## Information supplied
########################################

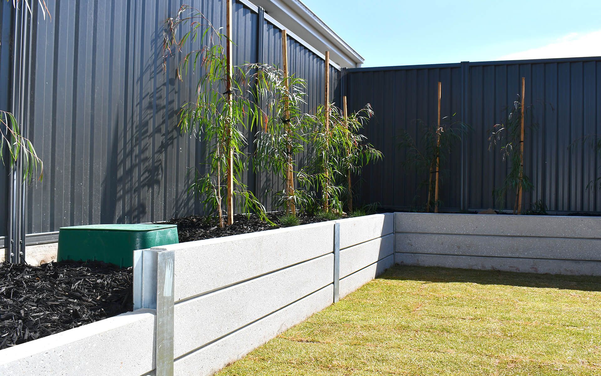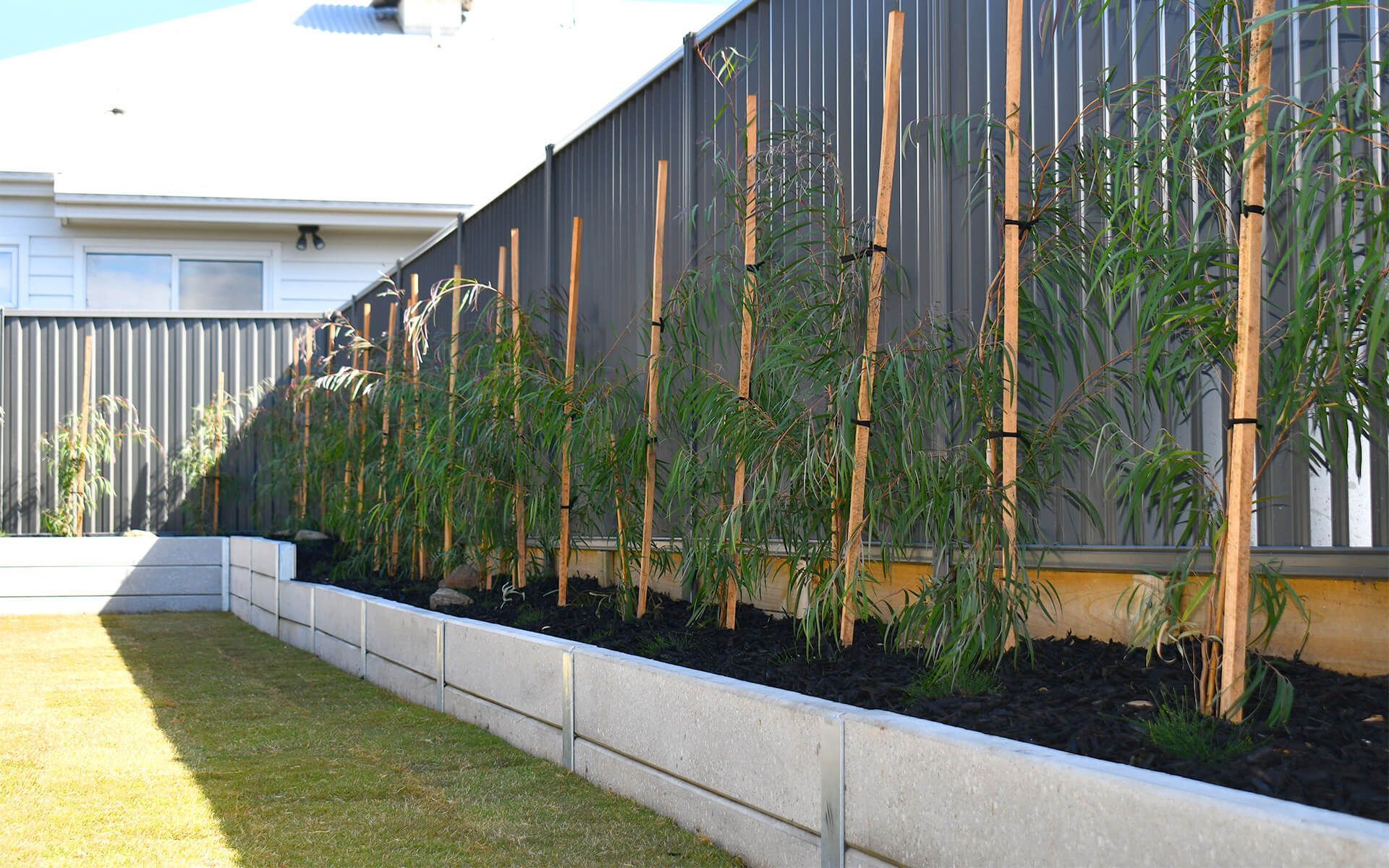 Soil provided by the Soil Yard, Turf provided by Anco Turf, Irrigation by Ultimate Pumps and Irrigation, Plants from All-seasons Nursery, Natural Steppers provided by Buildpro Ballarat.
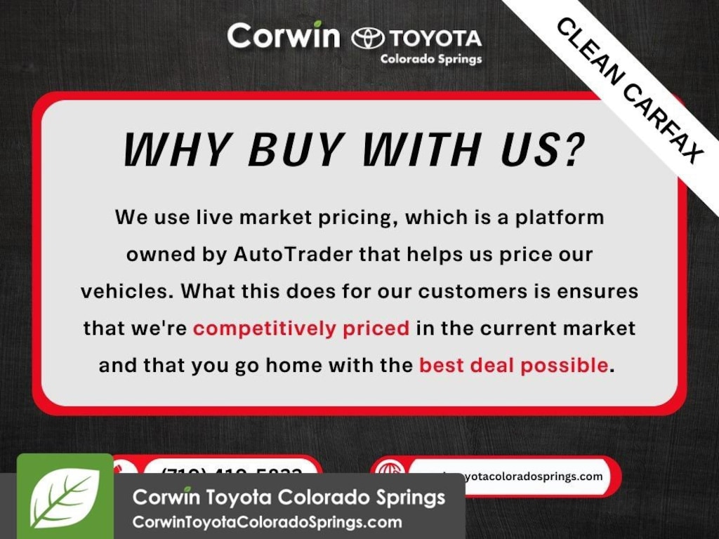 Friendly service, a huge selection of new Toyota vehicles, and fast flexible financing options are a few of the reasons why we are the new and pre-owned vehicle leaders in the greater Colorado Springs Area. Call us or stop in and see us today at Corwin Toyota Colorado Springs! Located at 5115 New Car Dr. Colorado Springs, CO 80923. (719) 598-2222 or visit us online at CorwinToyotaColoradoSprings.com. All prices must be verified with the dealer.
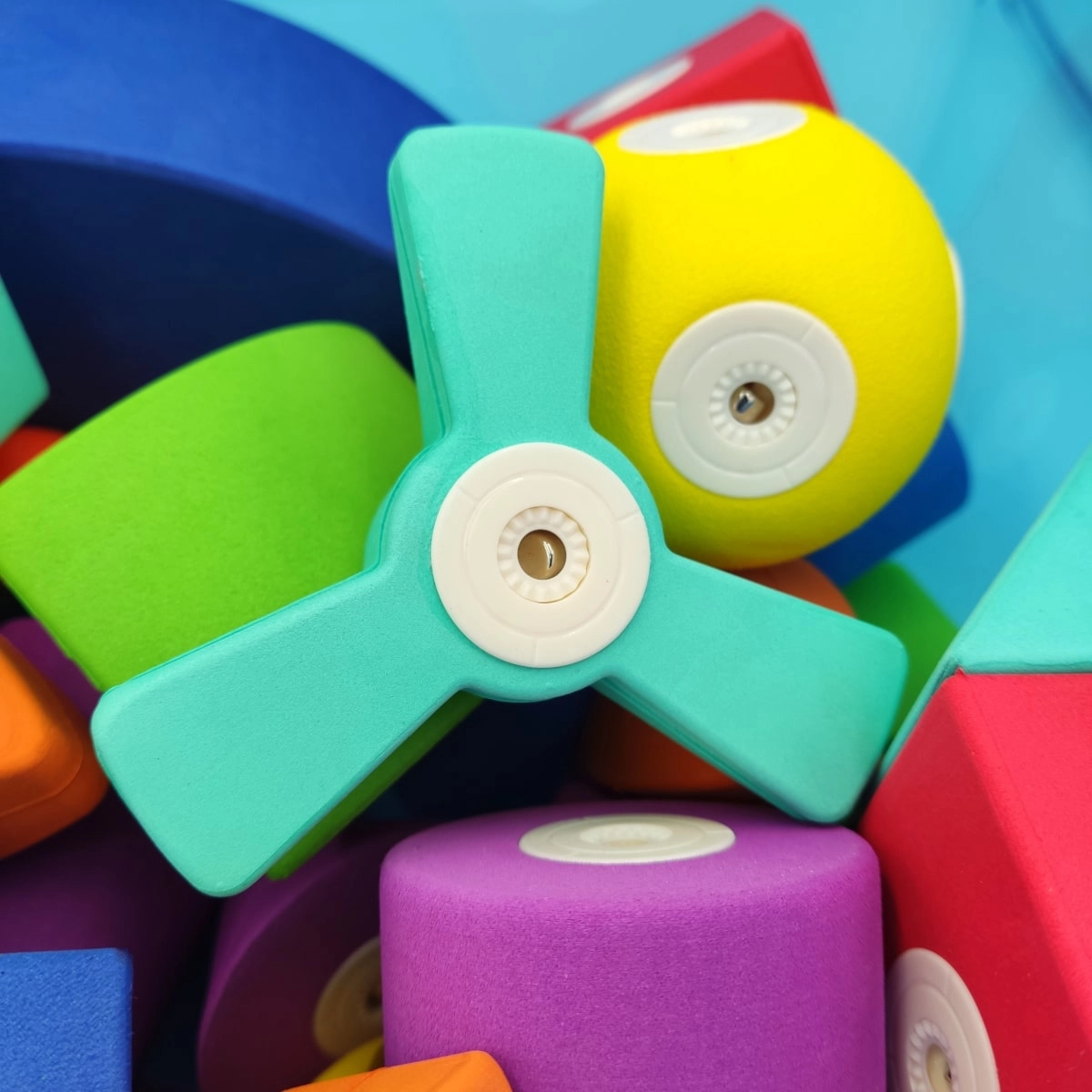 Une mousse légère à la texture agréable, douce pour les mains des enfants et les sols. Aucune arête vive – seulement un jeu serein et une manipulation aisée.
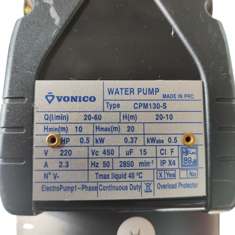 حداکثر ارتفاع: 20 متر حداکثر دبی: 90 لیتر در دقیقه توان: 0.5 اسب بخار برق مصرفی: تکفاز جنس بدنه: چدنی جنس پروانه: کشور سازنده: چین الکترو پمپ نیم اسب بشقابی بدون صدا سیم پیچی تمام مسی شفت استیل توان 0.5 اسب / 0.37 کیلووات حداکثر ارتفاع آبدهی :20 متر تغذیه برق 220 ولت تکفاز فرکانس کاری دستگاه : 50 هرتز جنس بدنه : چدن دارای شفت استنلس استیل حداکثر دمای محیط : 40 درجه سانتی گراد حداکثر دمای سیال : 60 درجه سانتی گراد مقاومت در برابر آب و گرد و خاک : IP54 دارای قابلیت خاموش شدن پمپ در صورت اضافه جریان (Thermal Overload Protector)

########################################

## Goal of the exercise
Exactly as they appear, transcribe the lines from the top of the material above through the line with "Une mousse légère". Omit any picture.

## Answer box
 Soil provided by the Soil Yard, Turf provided by Anco Turf, Irrigation by Ultimate Pumps and Irrigation, Plants from All-seasons Nursery, Natural Steppers provided by Buildpro Ballarat.
 Friendly service, a huge selection of new Toyota vehicles, and fast flexible financing options are a few of the reasons why we are the new and pre-owned vehicle leaders in the greater Colorado Springs Area. Call us or stop in and see us today at Corwin Toyota Colorado Springs! Located at 5115 New Car Dr. Colorado Springs, CO 80923. (719) 598-2222 or visit us online at CorwinToyotaColoradoSprings.com. All prices must be verified with the dealer.
 Une mousse légère à la texture agréable, douce pour les mains des enfants et les sols. Aucune arête vive – seulement un jeu serein et une manipulation aisée.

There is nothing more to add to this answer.